Respectfully Quoted: A Dictionary of Quotations. 1989.

 
NUMBER: 1110
AUTHOR: Thomas Vernor Smith (1890–1964)
QUOTATION: No man made great by death offers more hope to lowly pride than does Abraham Lincoln; for while living he was himself so simple as often to be dubbed a fool. Foolish he was, they said, in losing his youthful heart to a grave and living his life on married patience; foolish in pitting his homely ignorance against Douglas, brilliant, courtly, and urbane; foolish in setting himself to do the right in a world where the day goes mostly to the strong; foolish in dreaming of freedom for a long-suffering folk whom the North is as anxious to keep out as the South was to keep down; foolish in choosing the silent Grant to lead to victory the hesitant armies of the North; foolish, finally, in presuming that government for the people must be government of the people and by the people.

Foolish many said; foolish many, many believed.

This Lincoln, whom so many living friends and foes alike deemed foolish, hid his bitterness in laughter; fed his sympathy on solitude; and met recurring disaster with whimsicality to muffle the murmur of a bleeding heart.

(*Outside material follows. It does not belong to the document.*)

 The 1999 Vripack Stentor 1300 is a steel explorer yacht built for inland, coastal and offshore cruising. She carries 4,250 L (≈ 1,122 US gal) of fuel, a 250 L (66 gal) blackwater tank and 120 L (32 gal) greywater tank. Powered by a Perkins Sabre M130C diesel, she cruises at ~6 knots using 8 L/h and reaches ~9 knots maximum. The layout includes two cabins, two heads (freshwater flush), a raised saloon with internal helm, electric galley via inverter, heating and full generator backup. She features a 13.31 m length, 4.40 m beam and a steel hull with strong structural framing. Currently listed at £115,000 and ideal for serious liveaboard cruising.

Out of the tragic sense of life he pitied where others blamed; bowed his own shoulders with the woes of the weak; endured humanely his little day of chance power; and won through death what life disdains to bestow upon such simple souls—lasting peace and everlasting glory.

How prudently—to echo Wendell Phillips—we proud men compete for nameless graves, while now and then some starveling of Fate forgets himself into immortality.
ATTRIBUTION: THOMAS VERNOR SMITH, memorial address, the Illinois State Senate, February 12, 1935, the 126th anniversary of Lincoln’s birth.—Smith, Lincoln, Living Legend, pp. 3–5 (1940).

Smith later served in Congress 1939–1941. The striking final paragraph is unverified in the works of Wendell Phillips.